Natural spherulite crystallization kinetics in rhyolitic melts
Wednesday, 17 December 2014
Crystals and crystal textures contain a wealth of information concerning their host igneous systems (e.g., P-T conditions, age, dynamics). Crystal nucleation and growth occurs in response to supersaturation caused by either cooling or changes in melt composition. Because natural constraints on such kinetic information is rare and difficult to extract, much of our understanding comes from theory and experiments. Using techniques to draw parallels to natural systems has limitations, thus kinetic information extracted from natural systems is noteworthy.

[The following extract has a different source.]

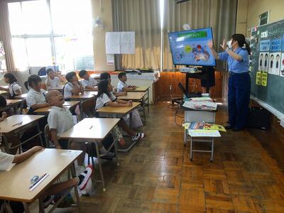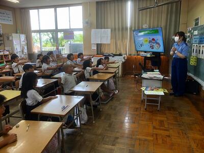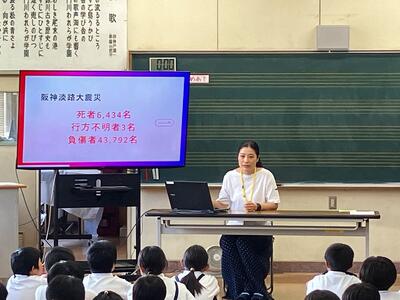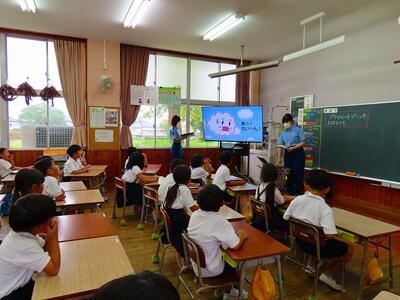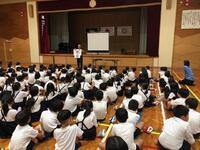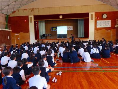 防災講話では、4~6年生が対象でした。門川町役場総務課消防防災係の担当者にお越しいただき、門川町の防災についてのお話をしていただきました。お話の中で、8月に起きた地震では、遮断機が下り、踏切が渡れなかった箇所があったことや、高齢者の避難が少なかったこと、信号無視をした車があったこと等の事例が取り上げられ、自分たちで積極的に声をかけたり考えたりすることが大切であると改めて感じました。さらに、ローリングストックや、普段から家具を固定しておくことなど、自宅でできる工夫についても考えることができました。今回のお話を伺って、児童は、ますます防災についての知識を高めることができました。

Recent work using diffusion modeling to replicate trace element gradients outside of spherulites may provide one method to naturally assess crystallization kinetics in rhyolitic melts. That work constrains spherulite nucleation to an interval of 650 to 500 °C with growth ongoing to temperatures as cool as ~400 °C. Max growth rates were estimated to be ~1 μm hr-1, which exponentially decreased with time. To test those results, we measured the 18O/16O ratios of quartz and alkali feldspar crystals using WiscSIMS (2 S.D. precision was 0.2 to 0.4‰) at targeted positions across spherulites. The spherulites are 500 to 5000 μm in diameter and are internally comprised of radiating, intergrown alkali feldspar and quartz crystals, which decrease in size from core to rim. Isotopic fractionation between quartz and alkali feldspar (∆Qtz-Kfs) is temperature dependent, and is predicted to be ~1‰ at magmatic temperatures and increases with decreasing temperature. If quartz and sanidine indeed crystallized at less than 700 °C, then ∆Qtz-Kfs values should be greater than ~1‰ and increase in crystals nearer spherulite rims. Measured ∆Qtz-Kfs in phenocrysts is 0.6±0.2‰, whereas spherulite cores have ∆Qtz-Kfs of 1.4±0.4‰, which increases to 1.8±0.4‰ near the midpoint of transects, and finally to 2.4±0.3‰ at the spherulite rims (uncertainty is 1 S.D. of Qtz and Kfs populations). Assuming equilibrium fractionation, those values indicate nucleation occurred at 570±100 °C and growth continued to temperatures as cold as 360±50 °C. These estimates imply nucleation was unable to initiate until the melt was undercooled by ~500 °C. Furthermore, crystal growth was able to continue until undercoolings of ~700 °C were reached, at which point slow diffusion likely prohibited growth.